Mid-morning on the 11th, political science major Michael Sulmeyer was in Washington, D.C.’s Dupont Circle, listening to former Clinton administration policy adviser Dennis Ross deliver a speech about problems such as suicide bombings in the Middle East. But when the question-and-answer session was supposed to begin, Sulmeyer recalls, the program sponsor got up and announced, “The Pentagon is burning, the twin towers were hit, and we’re evacuating.” In “utter shock and confusion,” Sulmeyer hastily retreated to his hotel a couple of blocks away. Sulmeyer was one of nine seniors in the nation’s capital as part of Stanford’s Honors College in international security studies. The group had already visited the State Department and was scheduled to tour the Pentagon on September 13. That visit was cancelled; but on September 12, the students did meet with officials at RAND, a think tank in Pentagon City. “You didn’t need to be reminded on that day why it was important to study international security,” says Scott Sagan, professor of political science and co-director of Stanford’s Center for International Security and Cooperation, “but to see a group conducting research provided further inspiration for the students.”

Senior Christophe Larroque spent most of his final week of summer vacation stranded at a remote outpost of a Canadian maritime province. En route to Philadelphia from Paris when the attacks occurred, Larroque’s plane was diverted to a former military base in Gander, Newfoundland, population 6,000. There he joined more than 12,000 passengers from 47 airplanes redirected from their original destinations. Larroque sat on the aircraft for 18 hours as officials tried to sort out security precautions and logistical details. Eventually he was bused to a Bible camp nine miles from Gander, where he spent the next four days. Locals provided the passengers with food, moral support and as much news as they could, says Larroque—“one guy from town printed out Internet reports in both French and English and passed them around, but we didn’t have a television so we never saw any footage.” On Sunday, Larroque finally flew home. “The thing that will stay with me is the kindness extended to us by the people in Newfoundland,” Larroque says. “One of the volunteer groups prepared our evening meal—enough for 220 passengers—and drove 100 miles to deliver it. They were just amazing.”
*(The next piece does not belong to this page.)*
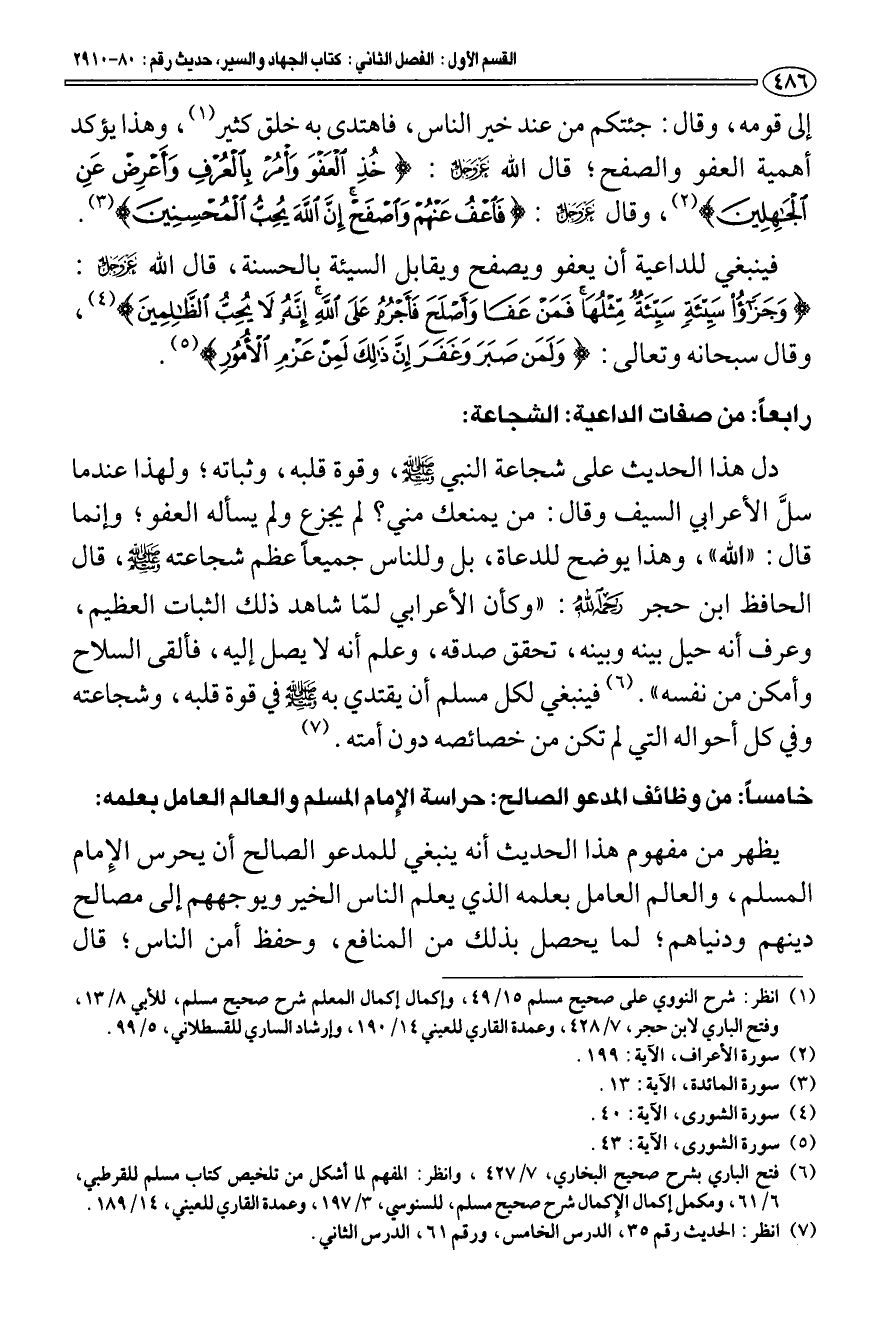 رابعا: من صفات الداعية: الشجاعة: دل هذا الحديث على شجاعة النبي - صلى الله عليه وسلم - وقوة قلبه، وثباته؛ ولهذا عندما سل الأعرابي السيف وقال: من يمنعك مني؛ لم يجزع ولم يسأله العفو؛ وإنما قال: " الله "، وهذا يوضح للدعاة، بل وللناس جميعا عظم شجاعته - صلى الله عليه وسلم - قال الحافظ ابن حجر رحمه الله: " وكأن الأعرابي لمّا شاهد ذلك الثبات العظيم، وعرف أنه حيل بينه وبينه، تحقق صدقه، وعلم أنه لا يصل إليه، فألقى السلاح وأمكن من نفسه " (¬6). فينبغي لكل مسلم أن يقتدي به - صلى الله عليه وسلم - في قوة قلبه، وشجاعته وفي كل أحواله التي لم تكن من خصائصه دون أمته. (¬7).

Inderjit Chabra was awakened at 3:30 a.m. on September 17 by gunshots fired at his home in Stony Brook, N.Y. No one was hurt, and the assailant escaped, despite being chased by a Nassau County police officer who lives nearby. Chabra, ’95, is living with his parents while working toward an MD/PhD at SUNY. “We are Sikhs, and my father wears a turban and has a beard. Unfortunately, the pictures of Osama bin Laden being shown in news reports resemble Sikhs,” Chabra says. He reported the incident to the Hate Crimes Bureau and urged local government leaders to take a public stance against vigilante acts.